What lines in the data below mention the string "novembro"? Copy them out.

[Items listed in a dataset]
=-=-=-=-=

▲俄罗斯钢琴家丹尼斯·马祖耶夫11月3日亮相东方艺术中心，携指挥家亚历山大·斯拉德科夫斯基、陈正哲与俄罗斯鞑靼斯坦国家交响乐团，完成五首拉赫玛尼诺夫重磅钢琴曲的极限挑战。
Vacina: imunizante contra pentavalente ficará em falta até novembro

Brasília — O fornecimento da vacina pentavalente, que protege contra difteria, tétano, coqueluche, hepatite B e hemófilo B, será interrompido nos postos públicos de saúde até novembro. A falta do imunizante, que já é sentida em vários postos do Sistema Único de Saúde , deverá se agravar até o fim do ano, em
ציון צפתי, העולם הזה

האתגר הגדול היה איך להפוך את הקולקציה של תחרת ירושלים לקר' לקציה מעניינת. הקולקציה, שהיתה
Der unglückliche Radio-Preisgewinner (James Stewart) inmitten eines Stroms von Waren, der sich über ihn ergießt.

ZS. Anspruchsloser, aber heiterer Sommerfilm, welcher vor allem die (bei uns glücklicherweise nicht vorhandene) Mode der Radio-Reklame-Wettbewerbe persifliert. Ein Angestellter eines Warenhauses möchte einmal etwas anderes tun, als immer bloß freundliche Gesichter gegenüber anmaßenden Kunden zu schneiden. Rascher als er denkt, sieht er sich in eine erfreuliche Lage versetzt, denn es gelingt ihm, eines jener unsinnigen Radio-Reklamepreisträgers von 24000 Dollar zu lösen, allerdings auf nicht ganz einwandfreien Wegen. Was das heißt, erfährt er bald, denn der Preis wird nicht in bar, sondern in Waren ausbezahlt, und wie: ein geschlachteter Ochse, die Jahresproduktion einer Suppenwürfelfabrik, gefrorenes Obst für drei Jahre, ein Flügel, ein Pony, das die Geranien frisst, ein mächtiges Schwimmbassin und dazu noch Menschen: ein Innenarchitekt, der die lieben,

=-=-=-=-=

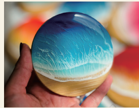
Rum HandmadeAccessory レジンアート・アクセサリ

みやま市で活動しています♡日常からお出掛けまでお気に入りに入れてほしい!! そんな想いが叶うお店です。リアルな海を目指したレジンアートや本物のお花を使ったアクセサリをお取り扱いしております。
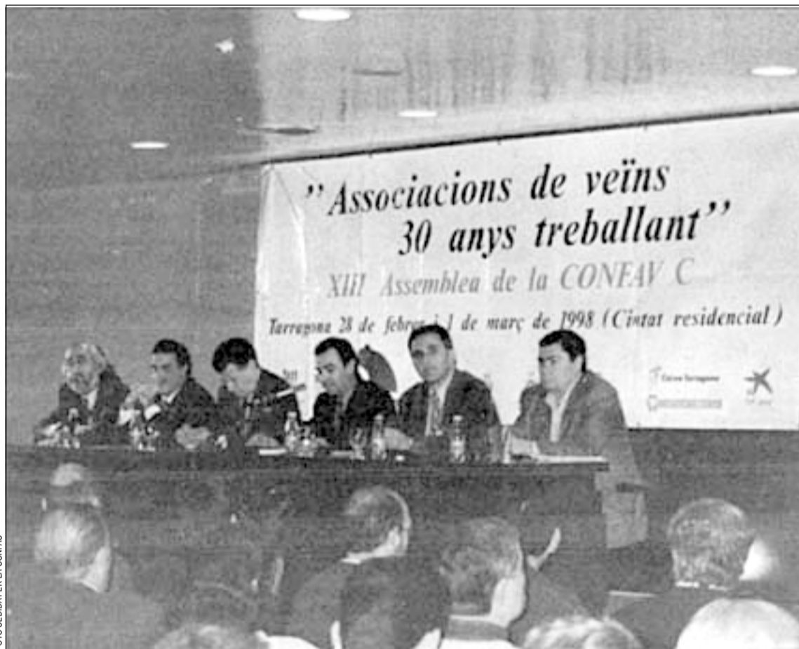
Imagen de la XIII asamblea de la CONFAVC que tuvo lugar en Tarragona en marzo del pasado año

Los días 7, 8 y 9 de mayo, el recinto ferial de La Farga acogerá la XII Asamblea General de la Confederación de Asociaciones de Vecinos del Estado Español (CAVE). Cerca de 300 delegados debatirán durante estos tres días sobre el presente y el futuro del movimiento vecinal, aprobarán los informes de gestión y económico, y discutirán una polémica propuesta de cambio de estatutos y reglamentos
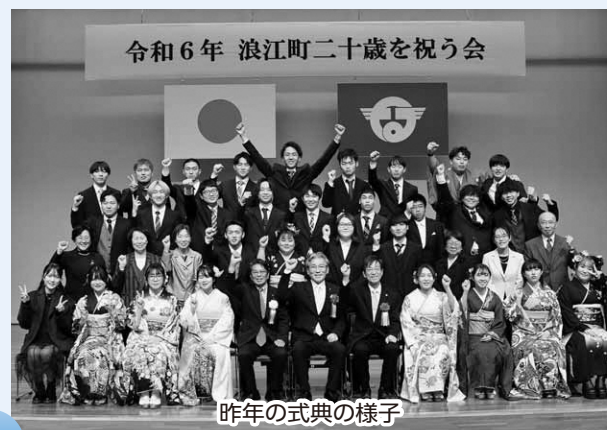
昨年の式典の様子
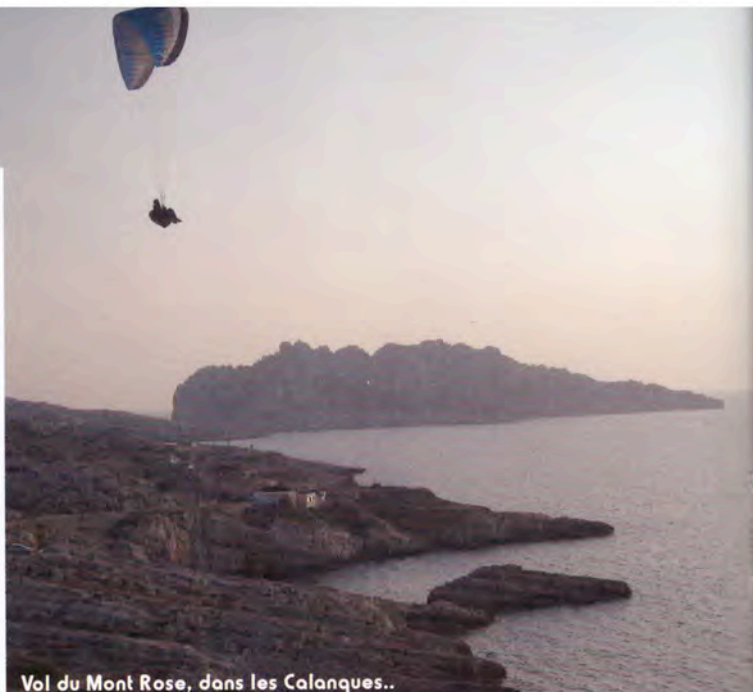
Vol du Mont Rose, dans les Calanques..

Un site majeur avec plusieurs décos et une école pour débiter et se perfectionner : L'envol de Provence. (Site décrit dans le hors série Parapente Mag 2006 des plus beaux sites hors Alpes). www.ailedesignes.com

=-=-=-=-=

● Exercise output
Vacina: imunizante contra pentavalente ficará em falta até novembro
Brasília — O fornecimento da vacina pentavalente, que protege contra difteria, tétano, coqueluche, hepatite B e hemófilo B, será interrompido nos postos públicos de saúde até novembro. A falta do imunizante, que já é sentida em vários postos do Sistema Único de Saúde , deverá se agravar até o fim do ano, em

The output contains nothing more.